_What to work on_
Would you copy the records exactly, leaving the pictures out?
::::
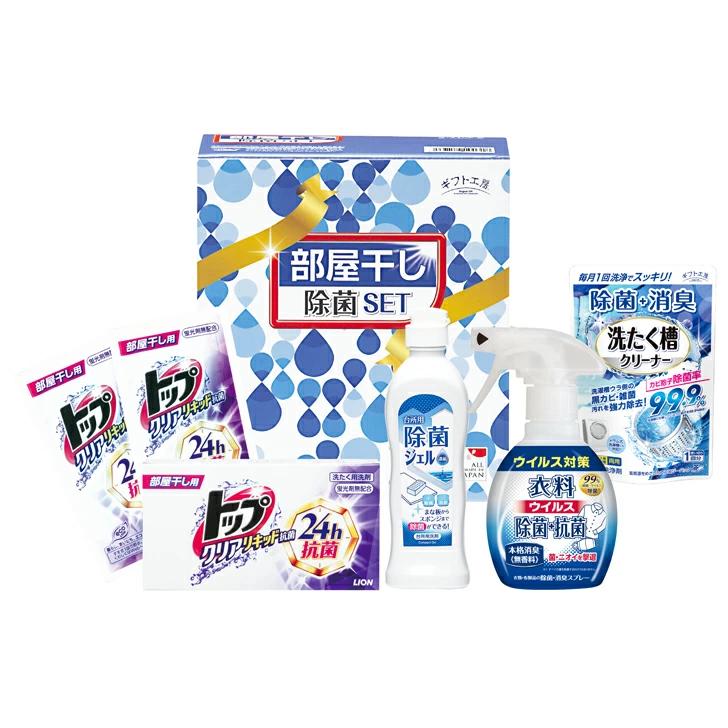 ライオンクリアリキッド部屋干し用(25g×2)、台所用除菌ジェル250ml、衣料除菌スプレー260ml、洗たく槽クリーナー100g×各1
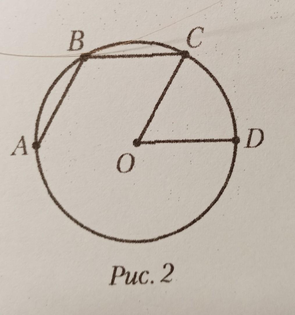 на рисунке 2 хорды AB и BC равны радиусы окружности с центром О. Длина ломаной ABCOD равна 42 см. Найдите длину диаметр окружности помогите пожалуйста
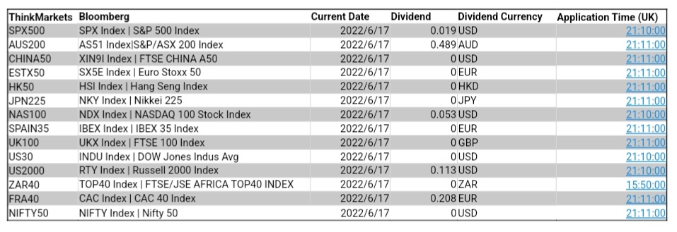 ThinkMarkets智汇平台CFD股指6月17日股息结算明细
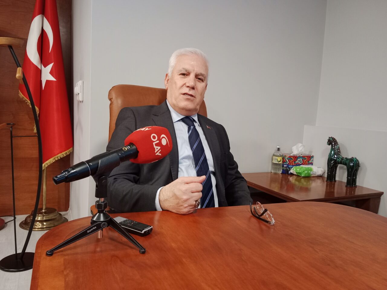 Aslında… Planlı ve ani gelişen programları nedeniyle çok yoğun günüydü. Buna karşın, Büyükşehir Belediye Başkanı Mustafa Bozbey o yoğunlukta zaman açıp Olay’ı ziyarete geldi.
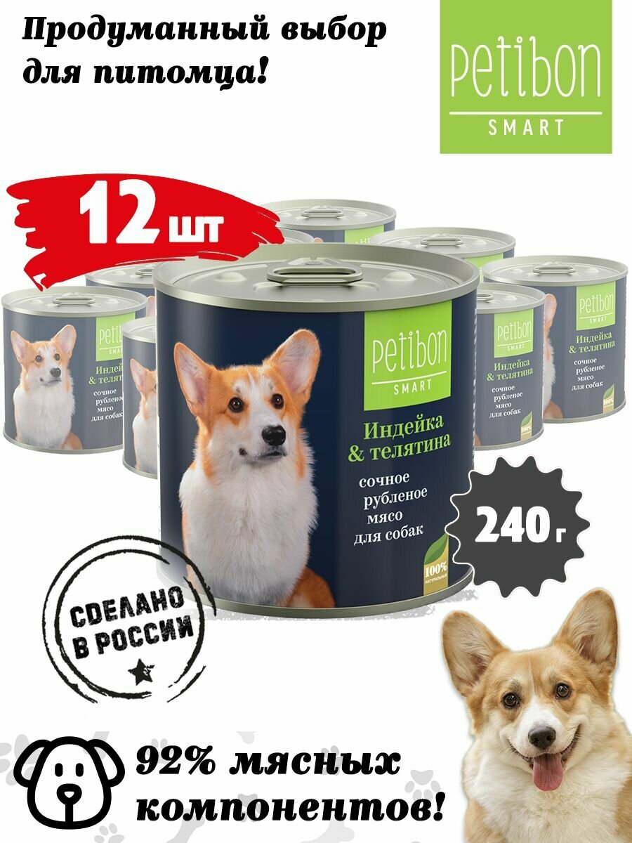 Купить Корм для собак влажный Petibon Smart, Рубленое мясо с индейкой и телятиной, 240 г х 12 шт.
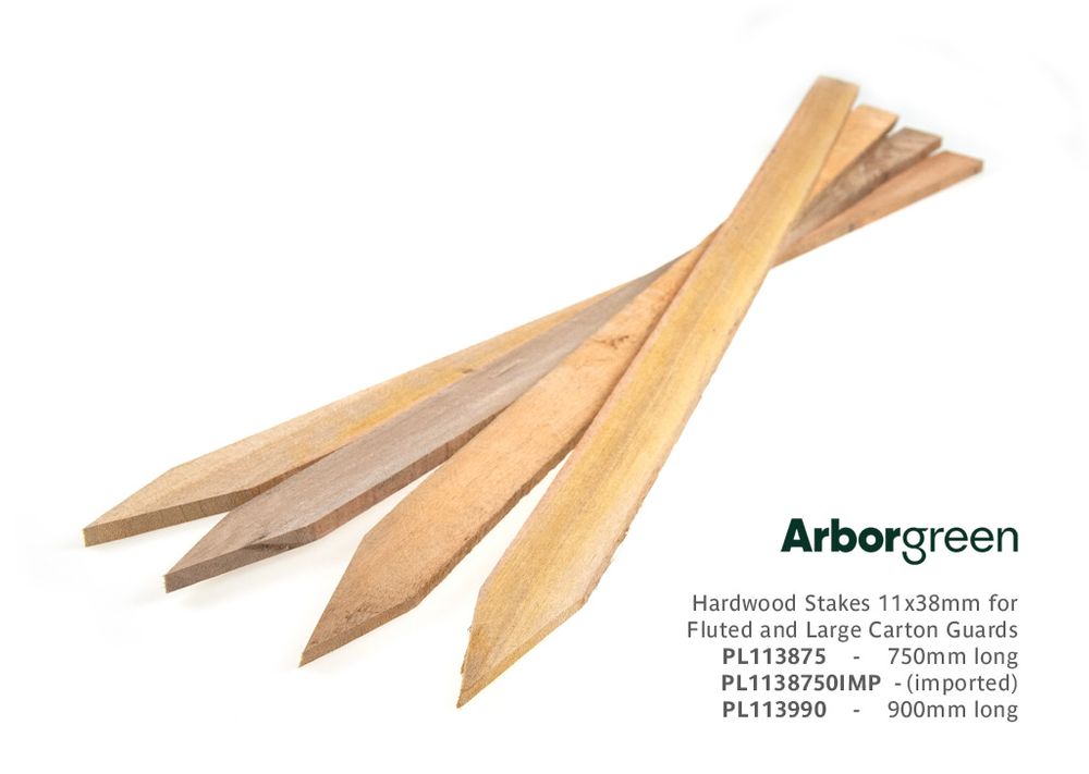 Pointed hardwood stakes for a wide range of tree planting applications from seedlings requiring longer lasting stakes, up to mature tree planting in roadside and urban applications. Australian hardwood.
::::
_Result of this task_
 ライオンクリアリキッド部屋干し用(25g×2)、台所用除菌ジェル250ml、衣料除菌スプレー260ml、洗たく槽クリーナー100g×各1
 на рисунке 2 хорды AB и BC равны радиусы окружности с центром О. Длина ломаной ABCOD равна 42 см. Найдите длину диаметр окружности помогите пожалуйста
 ThinkMarkets智汇平台CFD股指6月17日股息结算明细
 Aslında… Planlı ve ani gelişen programları nedeniyle çok yoğun günüydü. Buna karşın, Büyükşehir Belediye Başkanı Mustafa Bozbey o yoğunlukta zaman açıp Olay’ı ziyarete geldi.
 Купить Корм для собак влажный Petibon Smart, Рубленое мясо с индейкой и телятиной, 240 г х 12 шт.
 Pointed hardwood stakes for a wide range of tree planting applications from seedlings requiring longer lasting stakes, up to mature tree planting in roadside and urban applications. Australian hardwood.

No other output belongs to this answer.